← Will Donnelly

It would be really neat if it were possible to have a fully decentralized "cloud" ecosystem in which providers of computing resources could be made fully fungible. Sadly we'll need some staggering leaps in homomorphic computing before that can be done for CPU time.

However, there is no reason in principle that bulk data storage can't be done in a decentralized fashion. Encrypting the data on the client (and adding a MAC) means that no third party can access or tamper with the actual data, and storing redundant copies mitigates the concern that any one storage provider might disappear.

Proof of Storage

Let's start with a much simpler problem: How can I verify that the storage provider is actually storing my entire 1TiB upload, with a minimum of actual data transfer?

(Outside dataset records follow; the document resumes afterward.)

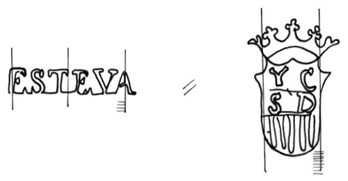 DescripciónEscudo coronado con iniciales sobre barras. A la izquierda apellido del fabricante.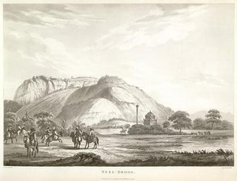 | Keywords: Neel Droog.jpg en Artist Allan Sir Alexander 1764-1820 Medium Aquatint Date 1794 This uncoloured aquatint is taken from plate 5 of Captain Alexander Allan's 'Views in the Mysore Country' The fort of Nilagiridurg three miles from Anchettidurg in Tamil Nadu surrendered to a British battalion in July 1792 Allan wrote This place though respectable in itself in point of strength yet not forming a part of the chain of posts then intended to be established was dismantled during the stay of the army in that vicinity Alexander Allan then a Lieutenant in the Madras Native Infantry was not unusual in serving as a surveyor and skilled amateur artist during the third Anglo-Mysore war Many soldiers were accomplished draughtsmen in the 18th century recording and detailing the sites of conflict Allan was fluent in Persian and served in the fourth and final war even being appointed to carry the flag of truce to Mysore-leader Tipu's palace if he surrendered In the event he was with David Baird when Tipu's body was found He later became a director of the East India Company 1794 http //www europeana eu/portal/search html query nilagiridurgam Allan Sir Alexander PD-old-100 Uploaded with UploadWizard Tamil Nadu in the 1790s Geography of Krishnagiri district |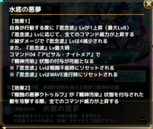 また、『思念波』Lv最大時コマンド04『アビサル・ナイトメア』で『精神汚染』状態の付与が可能となる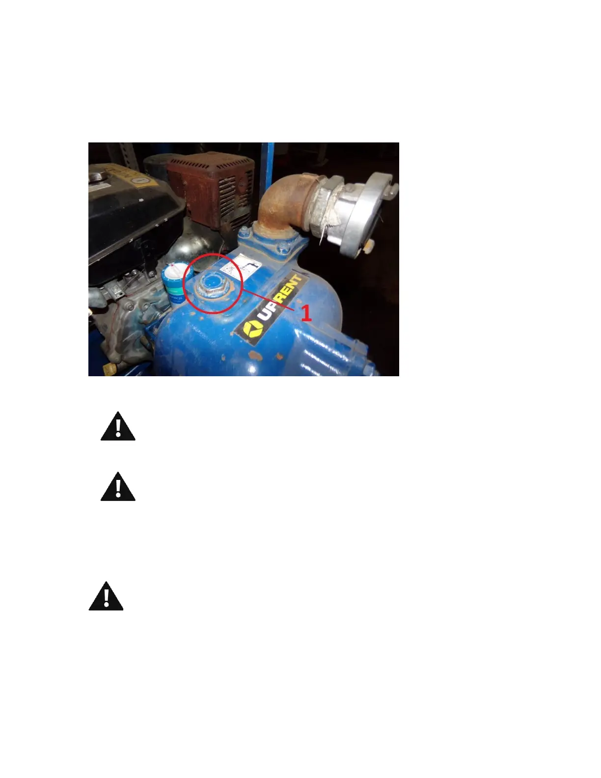 Fill the pump casing completely with the liquid to be pumped through the opening on the top of the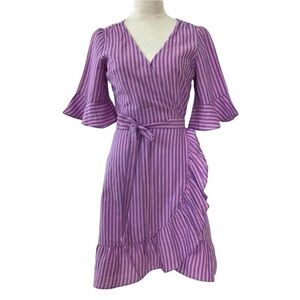 Gap Pink Striped Linen Blend Ruffle Wrap Dress Size Small NEW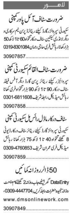 Private Company Lahore, lahore Punjab Pakistan invites applications from eligible candidates for the post of marketing staff, laundry canteen staff, field worker, supervisor, office staff, data entry operator and security supervisor guard as per advertisement of January 30, 2025 published in daily Express Newspaper. Educational qualifications required Middle, BA, Intermediate, Matric and Bachelor etc.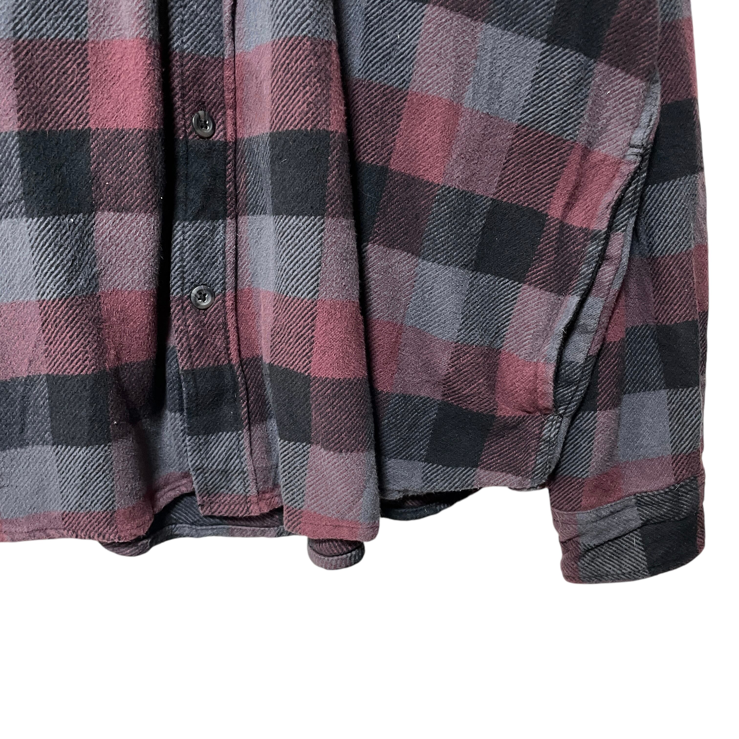 オービス ヘビーウェイト ネルシャツ サイドポケット ボルドー グレー XXL

This can be done using a straightforward challenge-response protocol. The data must be encrypted and MAC'd in smallish chunks, perhaps in the 4kiB to 64kiB range. This is common practice for large data streams already, so it shouldn't be a problem to require here. The client can then challenge the storage provider to return a randomly selected chunk. Thanks to the MAC the client can verify that the response payload is indeed the chunk they requested, while only storing a single encryption/signing key locally.

Assuming that the client picks chunks to request at random, the storage provider can pass a given challenge with probability equal to the fraction F of the original uploaded chunks they actually stored. Repeating the challenge-response operation makes things exponentially harder (F^N) for only a linear increase in data transfer. For instance if the storage provider only retains half of the uploaded chunks, it would take only 7 random requests to have a >99% chance of discovering their duplicity.

A Brief Sketch of Everything Else

The system only needs to interact with a "blockchain" insofar as there is payment being exchanged for storage services. The acts of discovering storage providers, uploading data to them, and retrieving data back should all take place "off the chain" anyway.

If clients pay any nonzero amount at upload time, there's a real risk that the market will be overrun by "storage providers" who never bother to store anything. It is possible that some sort of reputation mechanism could mitigate this, but of course then you have to worry about Sybil attacks on the reputation system itself.

If clients pay for retrieval things work out differently, however then the storage providers are being placed in the unenviable position of having to predict whether the client will actually ever retrieve their uploaded data in full. However there is some interesting potential in this vein for the system to serve dual purposes as a sort of "CDN" for publishing content as well.

But paying for storage upfront is the more typical model in real life, and there's probably good reason for that. Ideally most payments could be effectively a simple money transfer, the same as with any other cryptocurrency. Perhaps there are two transactions on the public chain rather than one -- the first placing the payment in escrow with certain conditions attached, and the second coming some time later and releasing the funds because the client isn't disputing anything. There must also be a timeout, with the rule that if the client doesn't either dispute or release funds by that time the payment is released to the provider.

Then we come to dispute resolution: what happens when the storage provider reneges on their end of the agreement? If there's no dispute process then we must rely solely on storage provider reputation, which is possible but hampered by the fact that nobody's ever designed a really solid P2P reputation system that would work well here. But it's an option. On the other end of the spectrum, if the client could always dispute transactions and get the payment back then we'd need a solid reputation system for worthwhile clients. Same issue.

So the final piece of the design is some process by which the rest of the network can verify objectively how a disputed agreement is resolved, either in favor of the client or in favor of the server. Assume that individual chunks of uploaded data are encrypted such that it's safe to publish them to the world as part of the dispute resolution process. Then the client can publish a dispute message saying "the server did not store chunk N of storage contract C". If the server does not contest this statement then the funds will eventually be released back to the client, but the server can contest the statement by publishing the complete contents of the encrypted block.

But this has some other issues related to the fact that the full encrypted block is still large by the standards of a blockchain transaction entry. First there's the raw size issue, and secondly there's the issue that people might try to get clever and store their data directly on the chain by abusing that mechanism.

I suspect these issues are resolvable, for instance there's a way one might use merkle trees to prove possession of arbitrarily small substrings of a large blob (because you can't generate an appropriate chain of hashes from a specific range of bytes up to the top-level blob hash unless you either store all the bytes or store so many lower-level hashes that you might as well have stored the underlying bytes). Likewise adding penalty fees to every step of the dispute process ought to be able to deter most forms of bad actor, since they'll lose money rather than simply not gaining money.

But then we come to the hardest question: is this whole system with all of its complexity and overheads actually better in some way than just...paying a traditional company for a certain amount of cloud data storage?